As pointed out in (Bland and Altman 1986), regression analysis alone is not sufficient to validate the performance of novel clinical measurements such as region-based tracking of the endocardium. For this reason, statistical analyses including t-test and power analysis were also included in the evaluation of our method, which all yielded consistent results.

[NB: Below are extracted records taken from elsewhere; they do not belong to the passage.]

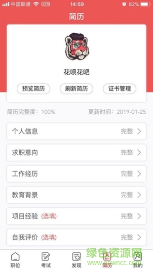 简历:专属行业求职信息
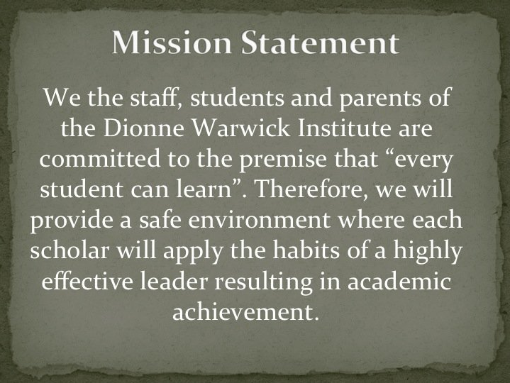 Jersey State Department of Education. In March of 1999, Dionne Warwick Institute became an America’s Choice School, a school with a solid curriculum that honors the basics of reading, writing, mathematics and science. Dionne Warwick Institute is one of the pioneers in the area of elementary economics and entrepreneurship education; it is one of a few schools in the nation developing and implementing this thematic curriculum.
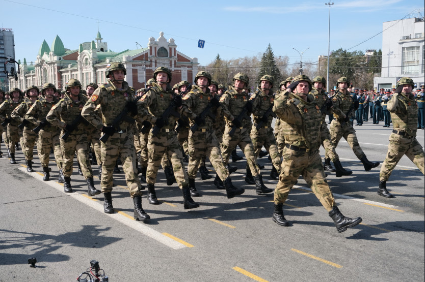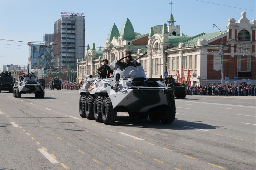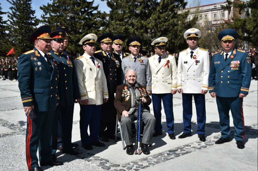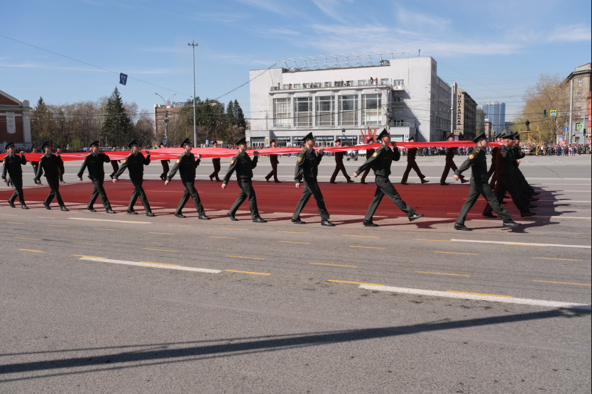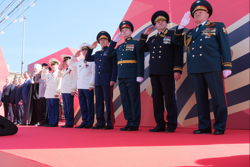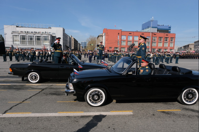 По традиции, Губернатор Андрей Травников возложил цветы к бюсту маршала авиации, трижды Героя Советского Союза Александра Покрышкина, наблюдал за парадом войск Новосибирского гарнизона на площади им. Ленина.
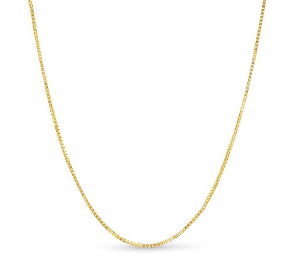 This 10 Karat Yellow Gold Box Chain is a classic chain that is loved worldwide. Made with authentic 10k yellow gold, this chain has cube shaped links that interlock, which makes the chain unique. Comes with various lengths that will match your preference, this chain weighs approximately 0.05 grams per inch and may not be exact.
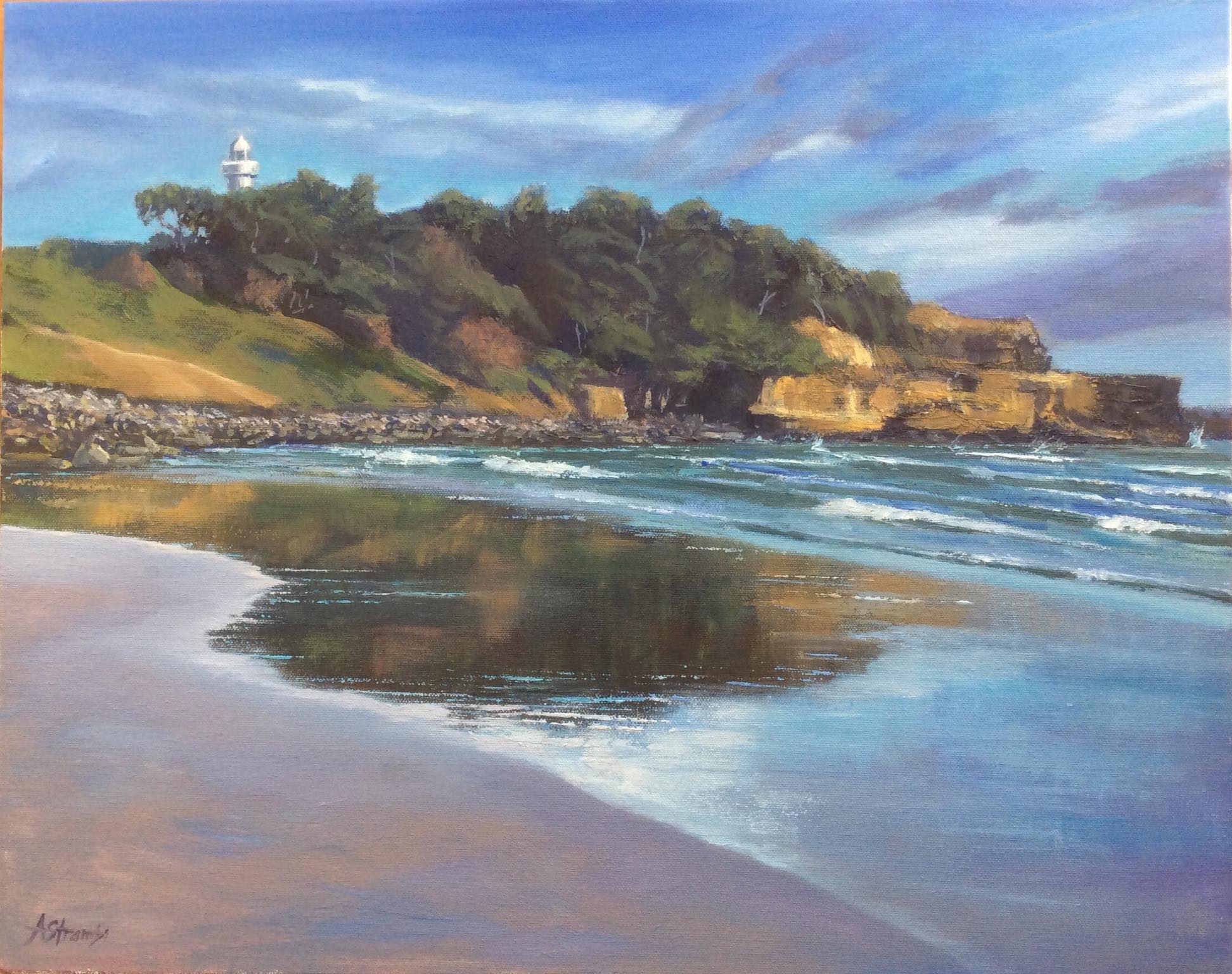 This original oil painting was inspired by the reflections in the wet sand beneath the Yamba Headland. There is a glimpse of the iconic Yamba lighthouse above the trees on the headland. This is one of my favourite views! The artwork is on stretched canvas and is framed in a pine frame and ready to hang.

Lastly, this study was focused on validating the tracking ability of the region-based tracking algorithm. The displacement field, a by-product of the tracking, also provided novel 4D dynamic cardiac information that may be useful for analyzing RT3D ultrasound data. Detailed discussion on this extension of the method can be found in (Duan, Angelini 2007, Duan, Angelini 2006, Duan, Angelini 2005).

Conclusion

A correlation-based tracking method was evaluated for its ability to track the LV endocardial surface over the entire cardiac cycle in RT3D ultrasound after being initialized with manual segmentation of the ED frame. Endocardial surface geometries obtained from manual segmentation and region-based tracking were compared at every time frame in the cardiac cycle. This geometric comparison was mapped and results were promising, showing that region-based tracking closely followed the endocardial surface throughout the entire cardiac cycle on 444 data frames. There was a strong correlation between region-based tracking and manual tracing. Statistical analysis showed that tracking errors were within the range of inter-observer variability with manual tracing by expert cardiologists. Moreover, our algorithm performed well both on normal and ischemia data, suggesting that our method may be valuable for clinical applications where abnormal wall motion may be present. This study showed that region-based tracking can accurately track the LV endocardial surface, yielding dynamic information from RT3D ultrasound data and provides automated dynamic interpolation between segmented endocardial surfaces.